Does my horse really need a blanket?
Every winter the tiresome question of cover the horse with a blanket comes up. Many stable colleagues cover, because everyone does it, so it has to be right, right?
One thing is for sure, a clipped horse should be covered.
What temperatures can horses actually withstand?
But do we intervene too much in the thermoregulation of the horse by blanketing or not clipping too much?
We are trying more and more to take the nature of the horse into account through better forms of livestock, nutrition, etc., but shouldn’t we then take a close look at all areas?
Let’s be honest, a wild horse gets by without a blanket. Sure, these horses doesn’t have to work either – a perfectly justified objection, which we’ll go into later.
Real record artists are, for example, the horses in Siberia, who accept temperatures down to minus 70° Celsius without batting an eyelid. Even in summer at plus 40° Celsius , the temperature doesn’t bother them much, which shows that horses are enormous artists of adaptation .

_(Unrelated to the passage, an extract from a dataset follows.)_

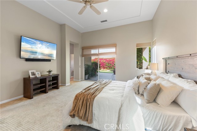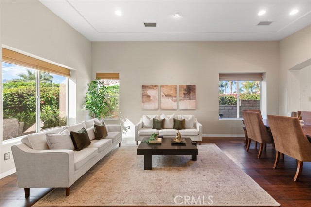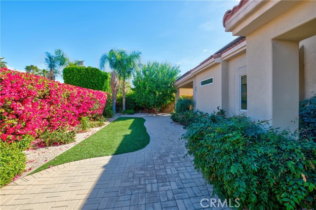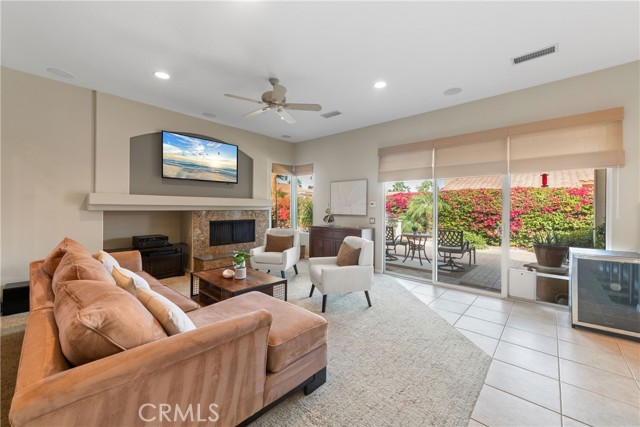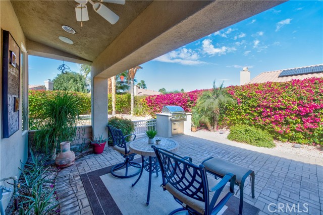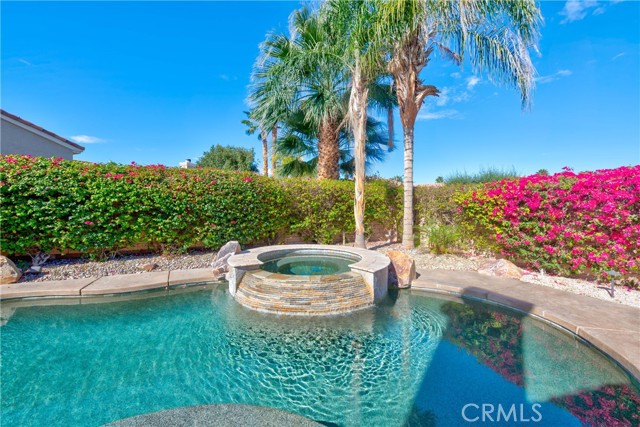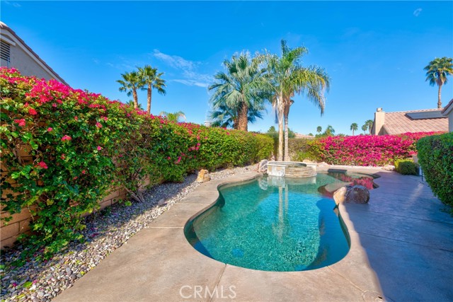 Welcome to this beautifully appointed single-story home in the highly sought-after gated community of Lantana in Palm Desert. This gorgeous and meticulously maintained home is perfectly positioned on a rare, sprawling lot within a peaceful cul-de-sac. This stunning home blends indoor-outdoor living to its finest with an entertainer’s dream backyard, featuring 2,500 sqft, 3 bedrooms, 2.5 baths, and a 2-car garage with lots of storage. The expansive and very private backyard offers a resort-style pool and spa with waterfall, sun patios, mature palm trees, a covered patio with pavers, and a built-in grill all surrounded by impeccably kept lush landscaping with custom outdoor lighting. The interior of this home boasts turnkey condition with soaring ceilings, gleaming wood and tile floors, custom paint and window coverings. The perfect entertaining “great room” has been upgraded with stainless steel appliances, custom backsplash, gorgeous granite countertops, double ovens, and a large center island with bar seating overlooking the spacious family room with cozy fireplace and a view of lush back yard. Your private desert oasis awaits!

This is just an extreme example to illustrate what our four-legged friends are capable of.
Thank God we don’t live in the tundra now and our sheltered sports and leisure horses would really be in a fix there, but they can withstand temperature fluctuations of up to 40 degrees without any problems.
How does thermoregulation work?
But now Let’s get to the real point: What happens when we take our horse cover up?
The thermoregulation of the horse is highly complex. As the days get shorter, their fur begins to thicken.
Annoying for us, because it takes time to get this fur dry again and putting the horse wet in the stable means diseases, so definitely not an alternative.
They feel most comfortable at minus five to fifteen degrees . Only when the temperatures drop below minus ten degrees does the thermoregulation of a normal winter coat really start to work.
The coat, arteries, skin and sweat glands are involved.
Does my horse need more feed in winter?
Fat is particularly important. In fact, fat is such an insulator that a University of Minnesota study by Marcia Hathaway and Krishona Martinson said the more fat a horse has, the less fur it needs because fat is energy.
The colder the temperatures, the more energy the horse needs. Roughage, preferably hay, can support this additional energy requirement.
But that doesn’t mean that you should feed the horse until it’s round as a ball, because after all it’s not a bear that has to prepare for hibernation.
On the other hand, it is completely normal for the horse to gain weight over the winter, but we are talking about a little here. This means that ideally you should increase the daily feed ration, because the change of coat means high performance for the metabolism and the horse needs this energy from somewhere.
The thickness and density of the winter coat is also controlled by the outside temperature.
The colder, the more fur.
If we cover up in time now, we pretend to the horse’s body that it’s not that cold yet, which is why less fur is put on.
So when do I cover the horse with a blanket?
It is clear that a healthy horse with enough winter fur can do without a blanket, even if there is a layer of snow on its back.
However, if the temperature falls below minus 15 and there is no shelter available, you should consider covering the horse, the same applies if it is exposed to constant rain or freezing rain.
This flattens the fur, which degrades the insulation. However, one cannot say the whole thing in such a general way.
Horses that are ill, old, or sensitive to wet and cold weather need a blanket.
The same applies to some warm-blooded or thoroughbred horses, where wetness is a problem, whereas cold-blooded horses or Icelandic horses have fewer problems with cold, wet weather conditions.
Adaptability to the cold also varies with breed.
It is different with sport horses. If you train a lot every day, covering up in good time can prevent too much winter fur, which means that the horses don’t sweat as quickly and clipping can even be prevented.
Unfortunately, one cannot give a general answer.
The owners are required to take a close look at their horse and to consider the pros and cons of covering up and to decide for the horse’s benefit.
This means thinking carefully about what type the horse is, including the way it is kept and how it is trained. This also includes taking into account the lining of the blanket and not going by your own feelings.
That’s why it’s better to reach under the blanket to see how cold or warm the horse is underneath, not that we mean well and our darling then starts to sweat.
one stands However, blankets are a good alternative to give every horse one to offer a species-appropriate outlet and that’s what it’s all about in the end also.